We're down 13-14M barrels per day of Middle Eastern production. All told, inventories have fallen by roughly 7-8M barrels per day. Even if the Strait opens up next month, his math says we've lost 1.8B barrels of production. You can't lose that massive number without impacting the oil price.
By July 1, the world will have lost enough inventory globally that the global refining system will start to crack. We're already starting to see shortages, and it's those shortages that will jolt the market out of this catatonic state. All the safety buffers will be gone. And we're entering the demand pickup of driving season. A price spike is the only mechanism to rebalance supply and demand.
His advisers tell him that Iran's figured out that having the Strait closed actually gives it more levers than having a nuclear weapon.
Thinks we'll be fine from an oil perspective, and we'll skate by with refined products. But we'll pay for it. If the Iran situation is not fixed certainly by Christmas, you may want to reevaluate any travel plans.
The cost of everything is going to go up -- feedstocks, transportation, gasoline, jet fuel. The inflationary shock coming will be absolutely massive.

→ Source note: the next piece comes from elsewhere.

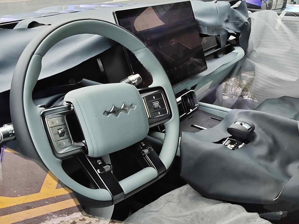 在內飾方面,我們可以看到方程豹豹8的中控臺采用的是非常粗獷的設計,新車的硬派效果十分的明顯,它采用的是懸浮效果的大屏,采用的是三幅平底的方向盤,方向盤采用了家族化的樣式。新車的中控臺上采用的是階梯效果的面板裝飾,前側貌似配備了HUD,它的電子檔桿的造型也比較方正,展現出了硬派化的一面。作為一款大塊頭的車型,豹8的空間表現也很出色,第二排有很好的腿部空間。
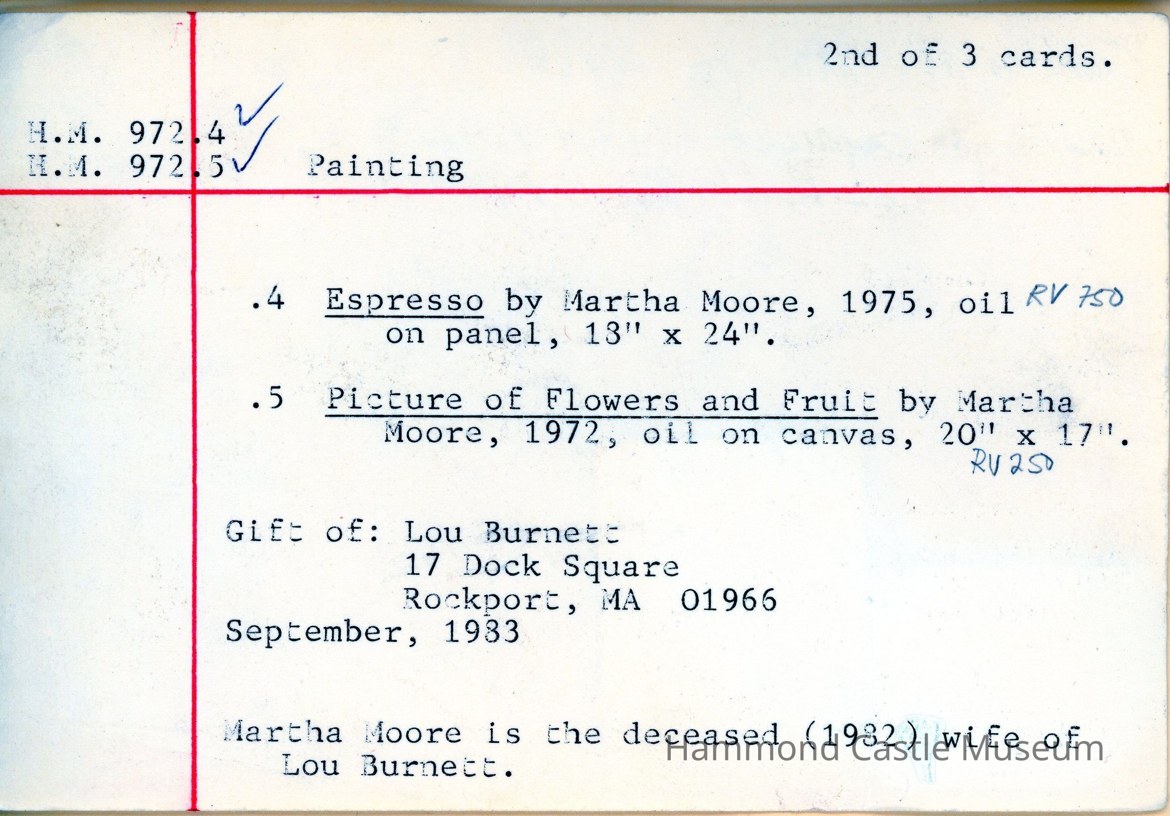 Part of set of 7 paintings donated by Lou Burnett (17 Dock Square, Rockport, MA 01966) September, 1983Collection

He's excited that oil/energy stocks are discounting the oil price at roughly $65-70. His team thinks the floor price for next year is about $80 (actual price will be meaningfully higher).
Oil at $65 is an extremely ignorant view, and offers a wildly compelling entry point on energy stocks.
Depends on why the oil price is going up. Typically, geopolitical events cause a spike, get resolved, and then the price drops. That thesis is a misunderstanding this time around.
Don't buy an energy stock today on the basis that Nuttall on BNN said oil was going to $200. The investment thesis is for "the day after", when things eventually normalize. What does the world look like then? It'll take 3-4 years for inventories to restock.
He's deploying client capital today with the expectation to gain 50% in 1-2 years.